Muscular system - II

We gave a basic description of muscles and how they contract (Muscular system - part I)

We said that muscles are attached to bones through tendons, those attachment points are called origin and insertion:

1- Origin is the attachment to the bone less movable during the muscle contraction
2- Insertion is the attachment to the bone more movable during the muscle contraction

Do you see?
The biceps (i like to use them as example eheheh!!) have 2 origins in the bones in the shoulder area and 1 insertion on the radius bone in the forearm.
The gastrocnemius (one of your calf muscles) has the origin on the femur bone (the thigh bone) and the insertion on the calcaneus bone.

When the muscle contracts it will become shorter bringing nearer the attached bones resulting in flexion of the arm at the elbow in the first case, extension of the foot (technically this is called plantar flexion) in the second.

Let's make friendship with our body! Take your right biceps with the left hand, can you feel the soft middle part? That's the belly of the muscle! It will be easy to follow all its shape up and down, can you? Going up towards the shoulder at a point you will lose it, there is the deltoid and the biceps will dive under! Now go down toward your inner elbow... can you feel that at a point the belly becomes smaller and harder? That's the tendon! And then it goes down to attach to your forearm... you are in the insertion area!
Now try your hamstrings, the muscles on the back of the thigh! They are a group of 3, all originating at your ischial tuberosities (those 2 bones you can touch under your buttocks! We call sitting bones because you should sit on them pointing straight down, maybe a little on the anterior side!).
Sit on your chair and touch behind your right knee bent 90°, can you feel that hard stuff? Try twisting only the lower leg to the right side and then to the left side, you will feel them more! They're the tendons, you can touch one on the right external side (lateral side - biceps femoris tendon) and 2 on the left internal side (medial side - at the beginning they seem 1 but touching accurately you can feel the big semimembranosus tendon and the smaller semitendinosus tendon!)

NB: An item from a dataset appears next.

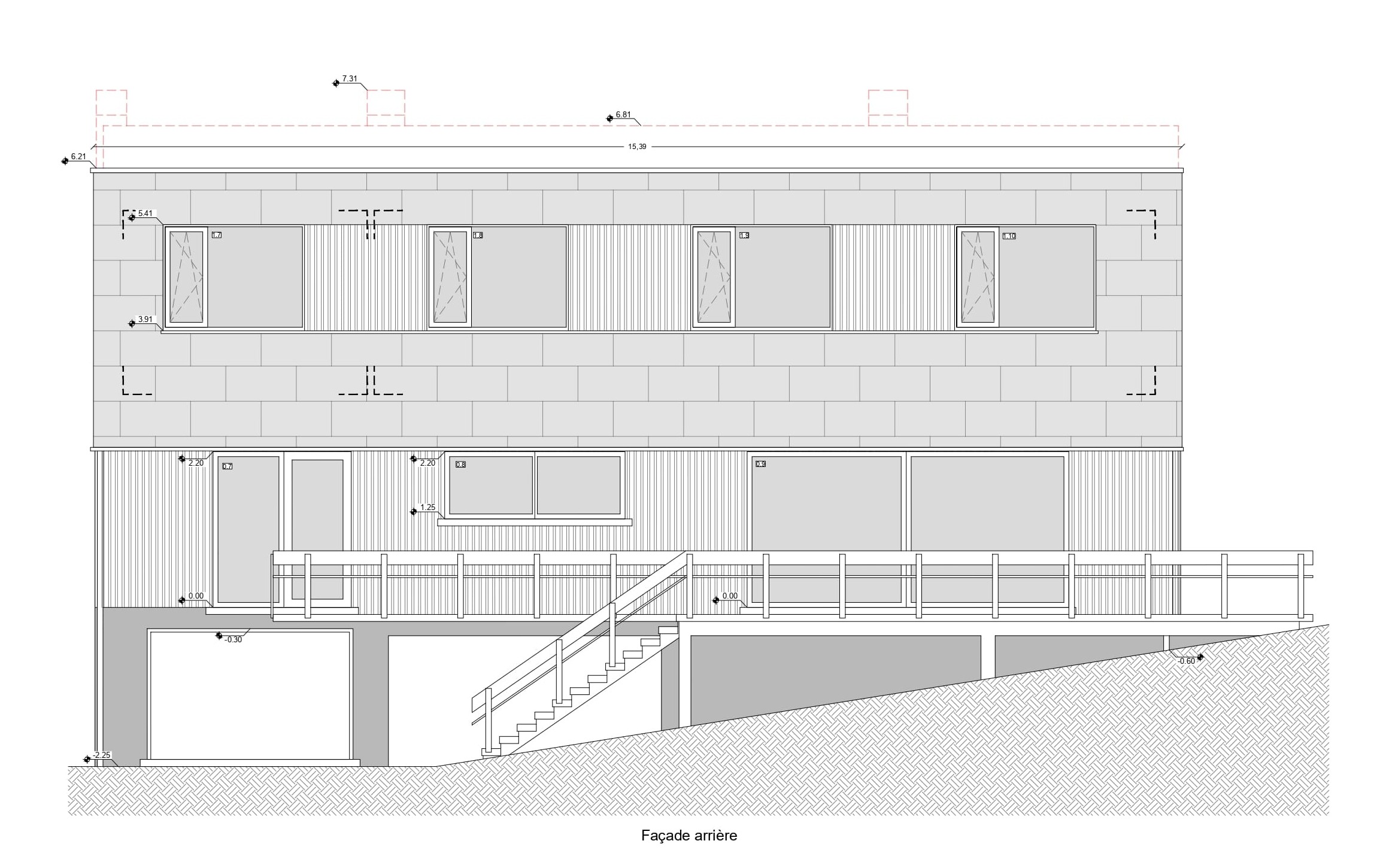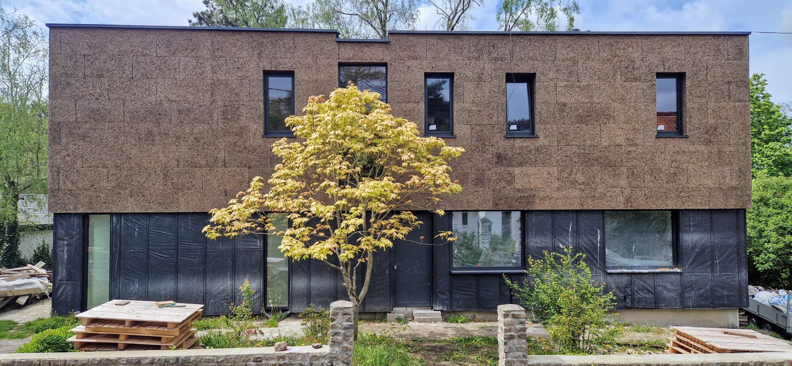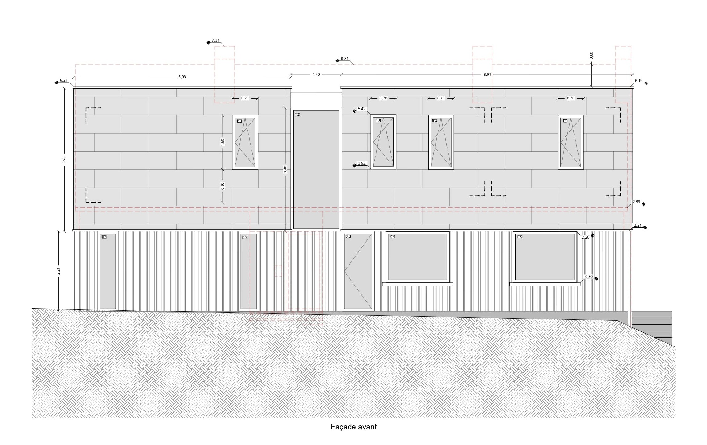 Le rez-de-chaussée existant sera isolé et couvert d’un bardage bois ajouré, et la nouvelle extension sera isolée avec des panneaux de liège expansé. Le CLT restant apparent à l’intérieur, les façades ne sont donc composées que de deux matériaux (CLT / liège).

Let's go back to your bent elbow... what to do if we want to bring it straight again? Should we ask to the biceps to "un-contract" and straighten the elbow? You can try but probably it won't work... maybe you can relax the biceps, put a stick between forearm and upper arm and with the other arm operate the stick to unwind the arm... mmmhhh... it's a bit complicated... and you always need a stick with you!

That's why our muscles work always in pairs to achieve movement... in the upper arm case there are the biceps on one side that flex the arm... and there are the triceps on the other side that extend the arm.
So in every movement of our body we can distinguish 4 groups of muscles:

1- Agonist: it's the prime mover, the main muscle envolved in the movement, the biceps in the case of elbow flexion
2- Antagonist: usually it's on the opposite side of the bone, its role is the opposite movement, in the case of elbow flexion the antagonists are the triceps (their role is to extend the elbow)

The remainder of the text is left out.